There is reason for confusion. The applicable law is complicated. Decisions handed down by the U.S. Supreme Court set standards for the lawful use of deadly force by police officers nationwide. Each state also has its own laws defining the potential crimes at issue, such as manslaughter or murder.

The Supreme Court rulings establish three key principles. First, a police officer has a right to use force in making an arrest, including deadly force. Second, deadly force is appropriate when the officer reasonably believes that the person to be arrested poses a threat of serious physical harm. Third, the assessment of reasonableness must allow for the fact "that officers often make split-second judgments — in circumstances that are often tense, uncertain and rapidly evolving."

The Supreme Court also has set out factors that cannot be considered. Subjective factors, such as an officer's possible racial bias, are not relevant (though it would be pertinent to a civil rights lawsuit). Nor does it matter if the threat could have been diffused if the officer had behaved differently prior to needing to use deadly force. The focus is entirely on the moment that deadly force was used.

Minnesota law also sets a high bar for prosecution of officers involved in the use of deadly force. Second-degree manslaughter, the crime most likely to be considered, applies to all Minnesotans — not just police. It requires proof of culpable negligence, which includes an element of recklessness that is difficult to prove in most situations.

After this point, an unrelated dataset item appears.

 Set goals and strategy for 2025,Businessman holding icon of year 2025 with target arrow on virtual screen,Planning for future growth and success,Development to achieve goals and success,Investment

The law, in seeking a balance between public safety and individual rights, clearly tilts toward giving the police discretion to use force if necessary to make an arrest. And a prosecutor or a grand jury evaluating an officer's decision must follow the dictates of the U.S. Supreme Court and the state Legislature.

While the law may evolve over time, we believe that the immediate focus should be on developing strategies that reduce the need for force to be used. Police departments can and should develop de-escalation policies with that goal in mind — and ask for community input and assistance in their development. Training then is needed to implement the policies.

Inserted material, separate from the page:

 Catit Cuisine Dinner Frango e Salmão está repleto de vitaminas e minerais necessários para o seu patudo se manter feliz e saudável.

The Seattle Police Department recently adopted de-escalation guidelines, setting out strategies to be used when safe — and when time and circumstances permit — with the aim of obtaining the voluntary cooperation of people who otherwise would resist arrest or restraint.

Seattle's guidelines require officers to consider whether or not the subject's resistance is deliberate or possibly the product of mental impairments, language barriers or a behavioral crisis. Tactical options are identified, such as the officer moving to a safer position, using verbal techniques to calm an agitated subject and calling more officers to the scene, particularly those equipped with nonlethal tools.

De-escalation polices should not — in fact, cannot — limit the discretion that police officers have under the law to use deadly force when needed. Officer safety and the safety of the public at large must be protected. This will, on occasion, require the use of force.

At the same time, the community should have confidence that when police arrive at a scene like those coming to the nation's attention, they are directed and trained to calm the situation and seek voluntary compliance whenever that is possible.

Our hope is that we can all work together to achieve a higher level of trust between the police and the community, particularly people of color, by ensuring that the use of force, especially deadly force, is as rare as possible.

Former Hennepin County Attorney Tom Johnson and former Ramsey County Attorney Susan Gaertner both are now in private practice.